Not Every Entrepreneur Can Change the World

The Brazilian online startup Printi is growing at a faster rate than comparable U.S. firm VistaPrint was at the same stage in its development. One and a half years ago, Florian Hagenbuch, C’10, W’10, and Mate Pencz, launched it with $1.2 million in Series-A funding from Silicon Valley and Brazilian investors. Last year, Printi produced 4,000 orders a month, grew to 30 employees and reaped $3 million in revenue, and Hagenbuch expects that last stat to triple in 2014. Though excited about the business, he is very sober in his assessment that he is “not changing the world.”

“It’s a lot less sexy, say, than a SnapChat kind of thing,” he said of his on-demand printing business.

Florian Hagenbuch, C’10, W’10

Florian Hagenbuch, C’10, W’10, co-founder of Brazilian startup Printi

Or how about a mobile tech Pegasus unicorn that sells for, say, $19 billion, like WhatsApp?

Isn’t that what all aspiring entrepreneurs at Wharton—everywhere—hope for? Indeed, should shoot for?

Perhaps not everyone.

Hagenbuch, a former Huntsman Program scholar, was back on campus Feb. 14 with a different message. He served as a panelist during the “Innovation and Entrepreneurship in Latin America: Challenges and Opportunities That Remain Ahead” session at the 2014 Wharton Latin America Conference. The other panelists also cautioned realism to the eager attendees at the MBA student-run event, Hagenbuch reported to me afterward. Of course, he returned to Wharton to volunteer his time and energies because he hopes to inspire fellow entrepreneurs, but he wants them to be clear:

“Entrepreneurship is like running against a wall, and you keep running into the wall until it starts to fall,” he said.

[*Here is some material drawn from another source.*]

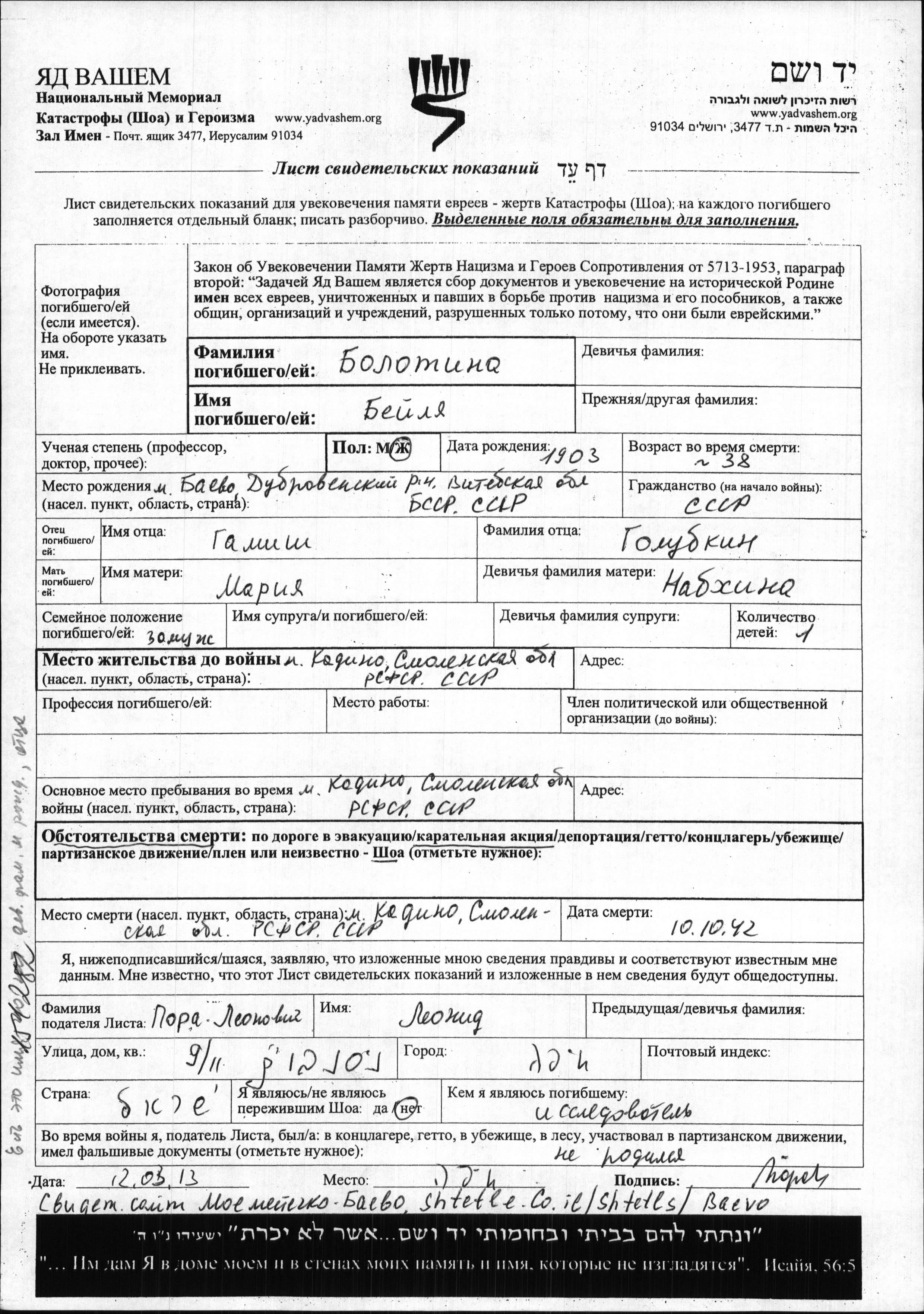 Bolotina Beylya 1903 Kadino, Russia (USSR) Page of Testimony

Particularly in Latin America. (Hagenbuch was born in Germany but grew up in São Paulo.) There, business challenges can be so great (logistical, regulatory) that entrepreneurs might be better off thinking incrementally—on “real world” issues, as Hagenbuch put it, where room for new processes and efficiencies exist.

Take Printi. The company applies printing technology that has existed in the States and Europe for a decade and reaps savings from the normal fixed costs of sheet-fed printing. Hagenbuch stressed that there’s more to the business than borrowed ideas. He pointed to “tropicalizations” of the business model for the Brazil market, such as a cloud template service that allows franchises to print cheaply yet meet the standards of their international brands. But still, Printi’s operations can be simplified and described as producing flyers, brochures, posters and the like for less online.

Still, Latin America is exciting for entrepreneurs. Take Printi again. Half the Latin American printing market is in Brazil, and half of that is in São Paulo, Printi’s home market. Hagenbuch hopes to expand elsewhere in South America, but he might not have to anytime soon, not with half the $15 billion printing market in his neighborhood.

So should entrepreneurs, particularly in Latin America, stay grounded? Should they be encouraged? Yes and yes. Which explains why, said Hagenbuch, the students at his conference session thanked him and the other panelists for their honesty.